**To do**
I'd like the data beneath this line reproduced exactly, without any of its images.
BEGIN Dataset excerpt
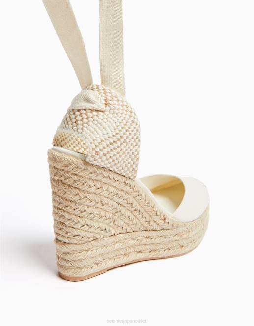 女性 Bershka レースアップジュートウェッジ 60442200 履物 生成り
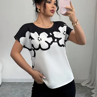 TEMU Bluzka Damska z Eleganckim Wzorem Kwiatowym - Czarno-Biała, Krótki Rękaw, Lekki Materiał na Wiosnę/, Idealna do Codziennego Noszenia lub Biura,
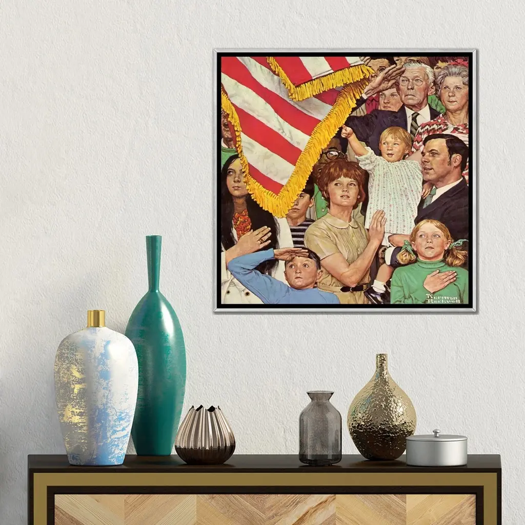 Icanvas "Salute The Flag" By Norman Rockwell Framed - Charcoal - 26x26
END Dataset excerpt
**Task answer**
 女性 Bershka レースアップジュートウェッジ 60442200 履物 生成り
 TEMU Bluzka Damska z Eleganckim Wzorem Kwiatowym - Czarno-Biała, Krótki Rękaw, Lekki Materiał na Wiosnę/, Idealna do Codziennego Noszenia lub Biura,
 Icanvas "Salute The Flag" By Norman Rockwell Framed - Charcoal - 26x26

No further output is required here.